Fatemeh Ekhtesari, left, and Mehdi Musavi right
Two Iranian poets are facing 99 lashes each for shaking hands with people of the opposite sex in one of the latest examples of harsh punishments meted out against writers
and artists by Iran's judiciary, according to human rights advocates.
The poets, Fatemeh Ekhtesari and Mehdi Musavi, have also both been sentenced to years in prison for "insulting the sacred" in their writings, a decision slammed by freedom of expression activists.
"Ekhtesari and Musavi's arrests and convictions are a travesty of justice, and send a chill over the already beleaguered creative community in Iran," Karin Deutsch Karlekar, director of Free Expression Programs at PEN American Center, said in a statement earlier this month.

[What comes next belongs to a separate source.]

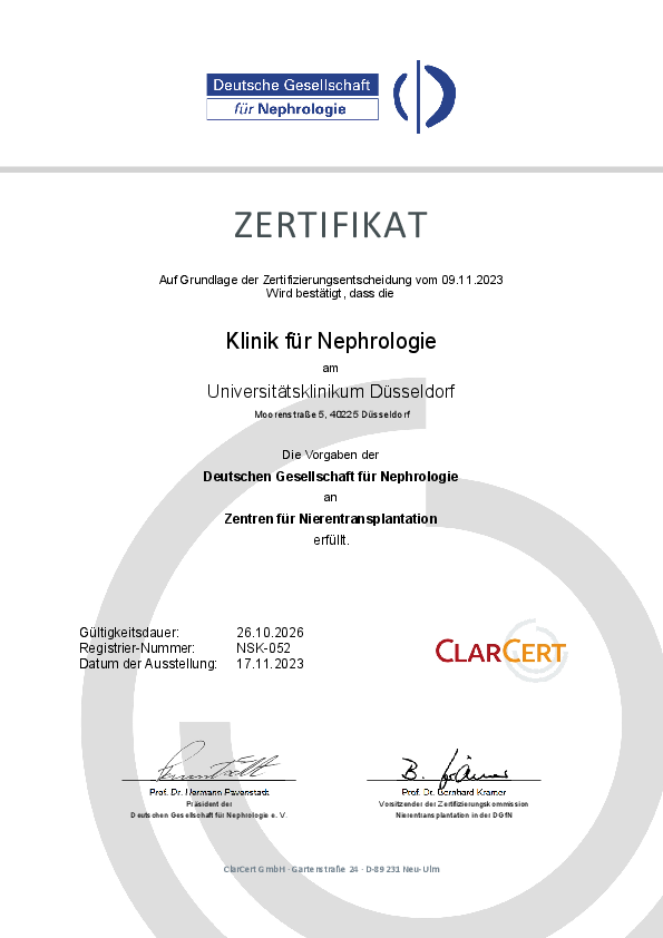 Ein zentrales Aufgabenfeld der Klinik für Nephrologie ist die Transplantation von Nieren. Die Ärzte des Nierentransplantationszentrums unter Leitung von Professor Rump verwenden Spenderorgane von Verstorbenen und verwandten sowie nicht verwandten Lebendspendern. Die 2018 frisch renovierte Transplantationsstation im MNR-Gebäude verfügt über eine ausgezeichnete Ausstattung, die die Betreuung der frisch transplantierten Patienten erleichtert. Wegen der langjährigen Erfahrung spezialisierter Ärzte der beteiligten Kliniken für Nephrologie, Gefäßchirurgie und Urologie ist das Nierentransplantationsprogramm Düsseldorf seit vielen Jahren eines der größten in Deutschland. Die Nachsorge von nierentransplantierten Patienten liegt uns besonders am Herzen.

Their cases highlight the contrast between the moderate image projected abroad by Iranian President Hassan Rouhani and the hardline approach to human rights pursued by authorities inside Iran.
Many Americans are familiar with Iran's detention of Washington Post reporter Jason Rezaian, who's been kept behind bars for more than a year on espionage charges. The newspaper denounced a recent court decision to convict Rezaian, who holds dual Iranian and American citizenship, as "an outrageous injustice."

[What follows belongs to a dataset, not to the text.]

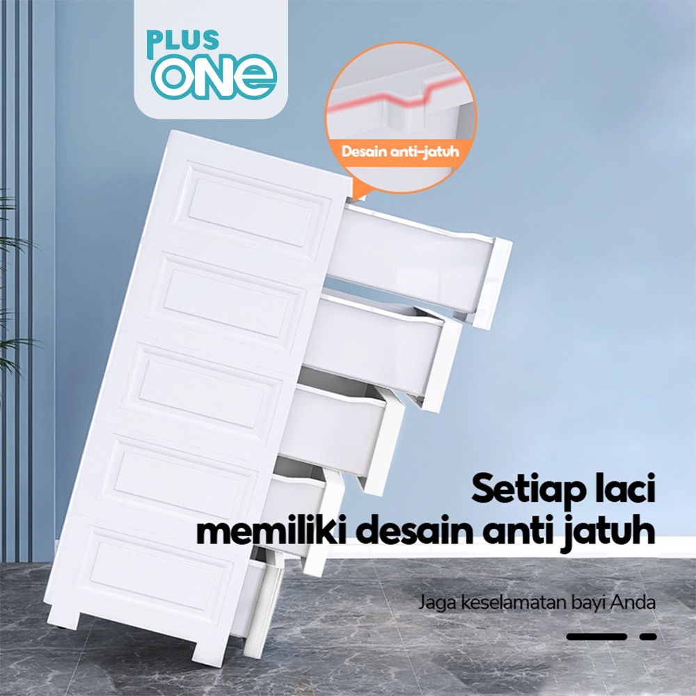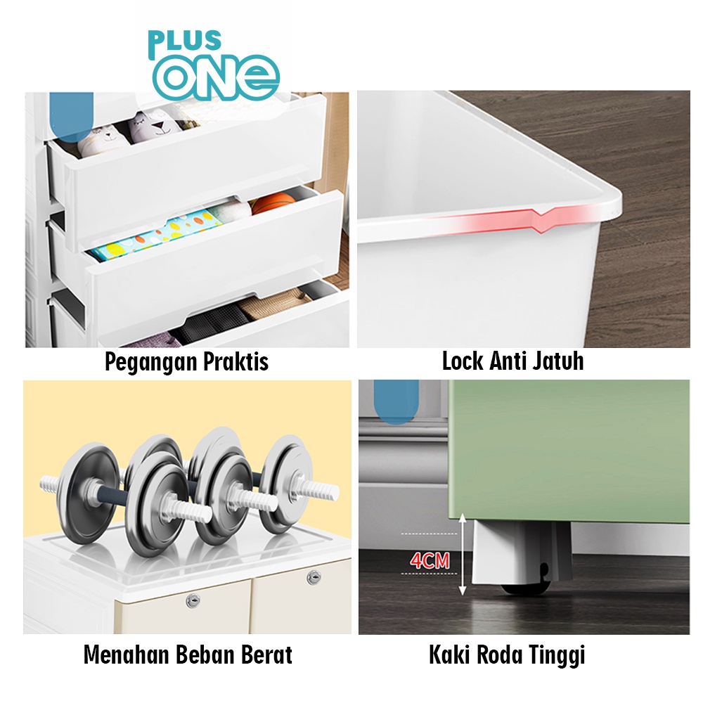 Plus One - Lemari Plastik Roda 2 Laci Atas - 34567 Susun / Tingkat Anak Ukuran Jumbo - 1289

But other Iranian writers who are less well known in the West have fallen foul of Iranian authorities, according to rights groups.
Earlier this month, Ekhtesari and Musavi, who touched on social issues in their work, received prison sentences of 11½ and 9 years respectively for convictions based on confessions extracted under duress, according to PEN. Both poets legally published books that received approval from the Ministry of Islamic Guidance, the group said.

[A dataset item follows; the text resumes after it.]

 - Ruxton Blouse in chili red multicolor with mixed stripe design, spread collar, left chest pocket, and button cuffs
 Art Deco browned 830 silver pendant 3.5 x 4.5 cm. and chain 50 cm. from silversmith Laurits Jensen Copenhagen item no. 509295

The flogging sentences came after Ekhtesari admitted to shaking hands with male participants at a poetry event in Sweden, PEN said. Shaking hands with a member of the opposite sex who isn't an immediate relation is considered an "illegitimate sexual relationship short of adultery" in Iran, it said.
A spokesman for the Iranian judiciary declined to comment on the poets' cases, which haven't been covered in the country's state media.